Description of the task:
Two lines in the data below mark the range: the one with "不仅是爱徒发文辟谣,陈奕迅的" and the one with "Gojo’s grandfather reframes". Return both, along with every line between them, exactly.

Data section:
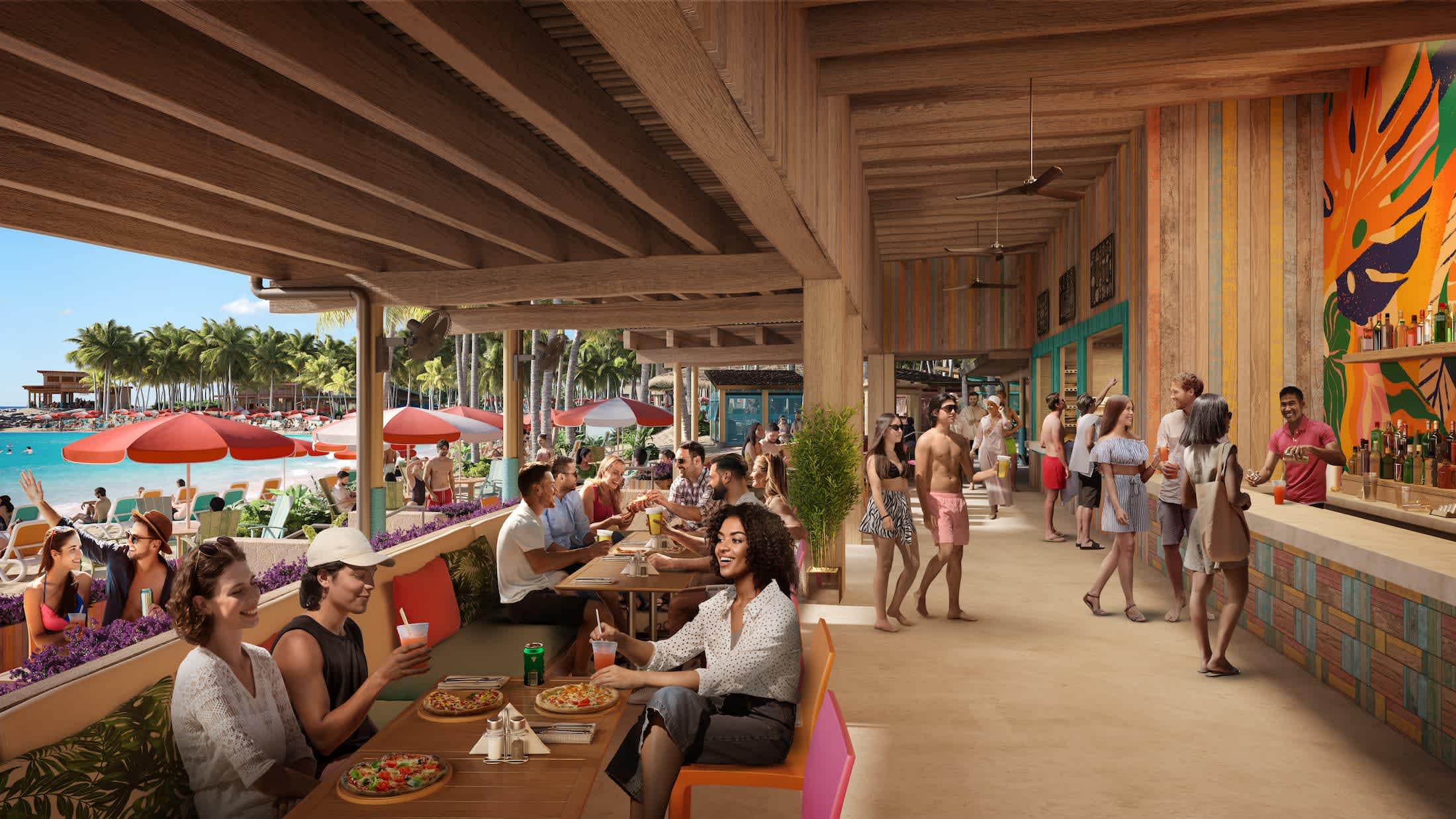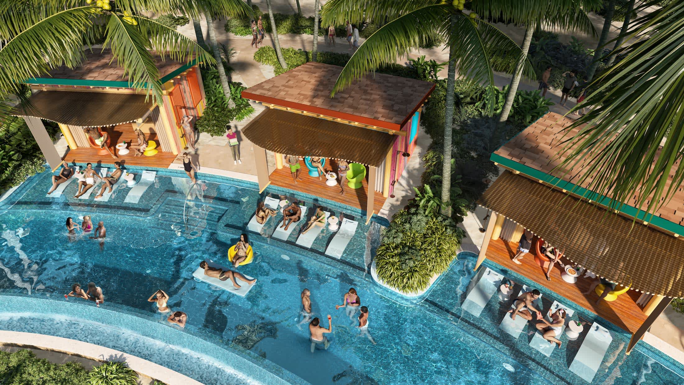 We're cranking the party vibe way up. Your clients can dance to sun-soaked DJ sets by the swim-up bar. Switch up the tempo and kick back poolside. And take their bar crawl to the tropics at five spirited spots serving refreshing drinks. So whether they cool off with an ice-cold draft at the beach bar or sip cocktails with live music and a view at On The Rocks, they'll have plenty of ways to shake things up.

---

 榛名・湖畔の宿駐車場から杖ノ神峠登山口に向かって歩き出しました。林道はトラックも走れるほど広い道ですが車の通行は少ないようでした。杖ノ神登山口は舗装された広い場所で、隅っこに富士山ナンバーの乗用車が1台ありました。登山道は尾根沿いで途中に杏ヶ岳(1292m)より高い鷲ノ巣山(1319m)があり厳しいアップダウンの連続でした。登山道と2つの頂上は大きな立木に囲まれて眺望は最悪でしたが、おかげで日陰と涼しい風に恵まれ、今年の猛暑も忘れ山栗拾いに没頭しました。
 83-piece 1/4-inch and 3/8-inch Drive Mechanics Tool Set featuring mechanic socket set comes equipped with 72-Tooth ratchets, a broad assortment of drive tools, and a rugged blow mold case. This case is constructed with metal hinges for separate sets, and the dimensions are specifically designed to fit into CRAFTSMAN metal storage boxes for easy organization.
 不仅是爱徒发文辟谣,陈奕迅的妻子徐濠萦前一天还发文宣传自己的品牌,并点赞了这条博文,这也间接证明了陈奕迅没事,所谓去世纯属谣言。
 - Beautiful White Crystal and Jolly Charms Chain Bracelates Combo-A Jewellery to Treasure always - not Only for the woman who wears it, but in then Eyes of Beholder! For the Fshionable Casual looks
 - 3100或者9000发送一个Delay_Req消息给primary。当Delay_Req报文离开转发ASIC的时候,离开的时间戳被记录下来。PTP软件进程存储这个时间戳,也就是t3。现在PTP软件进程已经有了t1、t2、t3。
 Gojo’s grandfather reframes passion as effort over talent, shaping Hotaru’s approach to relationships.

...

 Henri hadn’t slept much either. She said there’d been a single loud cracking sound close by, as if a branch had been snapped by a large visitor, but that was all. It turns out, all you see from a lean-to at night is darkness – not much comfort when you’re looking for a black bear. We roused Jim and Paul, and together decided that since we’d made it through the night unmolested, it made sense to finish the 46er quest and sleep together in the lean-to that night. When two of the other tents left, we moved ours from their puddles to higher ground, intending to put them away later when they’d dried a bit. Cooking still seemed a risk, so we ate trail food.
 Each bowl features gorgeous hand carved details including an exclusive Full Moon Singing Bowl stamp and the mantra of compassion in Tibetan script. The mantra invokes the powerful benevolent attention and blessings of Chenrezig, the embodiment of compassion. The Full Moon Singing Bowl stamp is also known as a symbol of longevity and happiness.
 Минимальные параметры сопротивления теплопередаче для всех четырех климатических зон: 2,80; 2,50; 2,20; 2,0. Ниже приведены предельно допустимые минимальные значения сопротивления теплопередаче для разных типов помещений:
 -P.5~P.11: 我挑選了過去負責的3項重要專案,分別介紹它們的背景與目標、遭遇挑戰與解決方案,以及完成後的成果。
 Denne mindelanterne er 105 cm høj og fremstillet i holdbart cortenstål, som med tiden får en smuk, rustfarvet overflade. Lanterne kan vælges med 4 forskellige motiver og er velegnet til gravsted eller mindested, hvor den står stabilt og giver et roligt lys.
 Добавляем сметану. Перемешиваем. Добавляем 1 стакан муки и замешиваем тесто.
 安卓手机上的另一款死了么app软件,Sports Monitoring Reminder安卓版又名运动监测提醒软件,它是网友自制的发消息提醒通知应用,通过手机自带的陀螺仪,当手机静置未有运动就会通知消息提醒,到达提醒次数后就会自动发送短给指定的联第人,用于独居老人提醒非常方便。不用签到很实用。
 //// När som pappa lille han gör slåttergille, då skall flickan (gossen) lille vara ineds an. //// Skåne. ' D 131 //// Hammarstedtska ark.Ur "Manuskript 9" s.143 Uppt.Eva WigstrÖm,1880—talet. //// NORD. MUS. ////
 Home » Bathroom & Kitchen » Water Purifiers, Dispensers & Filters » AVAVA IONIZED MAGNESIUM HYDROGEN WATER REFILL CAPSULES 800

Output for this task:
 不仅是爱徒发文辟谣,陈奕迅的妻子徐濠萦前一天还发文宣传自己的品牌,并点赞了这条博文,这也间接证明了陈奕迅没事,所谓去世纯属谣言。
 - Beautiful White Crystal and Jolly Charms Chain Bracelates Combo-A Jewellery to Treasure always - not Only for the woman who wears it, but in then Eyes of Beholder! For the Fshionable Casual looks
 - 3100或者9000发送一个Delay_Req消息给primary。当Delay_Req报文离开转发ASIC的时候,离开的时间戳被记录下来。PTP软件进程存储这个时间戳,也就是t3。现在PTP软件进程已经有了t1、t2、t3。
 Gojo’s grandfather reframes passion as effort over talent, shaping Hotaru’s approach to relationships.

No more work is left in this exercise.